[Python-Dev] Python Unicode

Paul Prescod paul@prescod.net
Wed, 26 Apr 2000 20:47:41 -0500


Fredrik Lundh wrote:
> 
> ...
>
> But alright, I give up.  I've wasted way too much time on this, my
> patches were rejected, and nobody seems to care.  Not exactly
> inspiring.

I can understand how frustrating this is. Sometimes something seems just
so clean and mathematically obvious that you can't see why others don't
see it that way.

A character is the "smallest unit of text."
Strings are lists of characters.
Characters in character sets have numbers.

Python users should never know or care whether a string object is an
8-bit string or a Unicode string. There should be no distinction. u""
should be a syntactic shortcut. The primary reason I have not been
involved is that I have not had a chance to look at the implementation
and figure out if there is an overriding implementation-based reason to
ignore the obvious right thing (e.g the right thing will break too much
code or be too slow or...). "Unicode objects" should be an
implementation detail (if they exist at all).

Strings are strings are strings. The Python programmer shouldn't care
about whether one string was read from a Unicode file and another from
an ASCII file and one typed in with "u" and one without.
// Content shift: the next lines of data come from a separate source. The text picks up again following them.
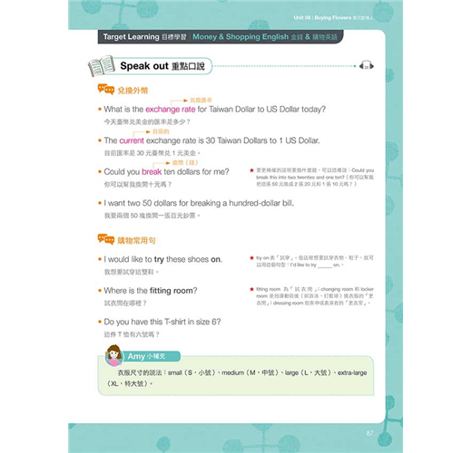 Speak out 重點口說:延伸主題發展相關實用句型,同個情境有多種說法可以運用。
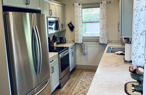 This 3 level house has everything you will need to make you feel at home. On the Main Level you and your guests will enter the front door to a fully equipped Kitchen, Family Room with a 60 inch Smart TV, French doors that lead out to the multi-level porch with a brand new gas grill, a Dining Room Area, and the Master Bedroom with an attached bathroom with a shower and tub combination.
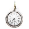 the outer case plain, (unmarked), inner case also plain, maker's incuse mark GW, the white enamel dial with outer Arabic and larger inner Roman numerals, blued hands, the movement signed J Williamson, London and numbered 335, all on decorated square baluster pillars

It's all the
same thing! 

If the programmer wants to do an explicit UTF-8 decode on a string
(whether it is Unicode or 8-bit string...no difference) then that decode
should proceed by looking at each character, deriving an integer and
then treating that integer as an octet according to the UTF-8
specification.

Char -> Integer -> Byte -> Char

The end result (and hopefully the performance) would be the same but the
model is much, much cleaner if there is only one kind of string. We
should not ignore the example set by every other language (and yes, I'm
including XML here :) ). I'm as desperate (if not as vocal) as Fredrick
is here.

-- 
 Paul Prescod  - ISOGEN Consulting Engineer speaking for himself
It's difficult to extract sense from strings, but they're the only
communication coin we can count on. 
	- http://www.cs.yale.edu/~perlis-alan/quotes.html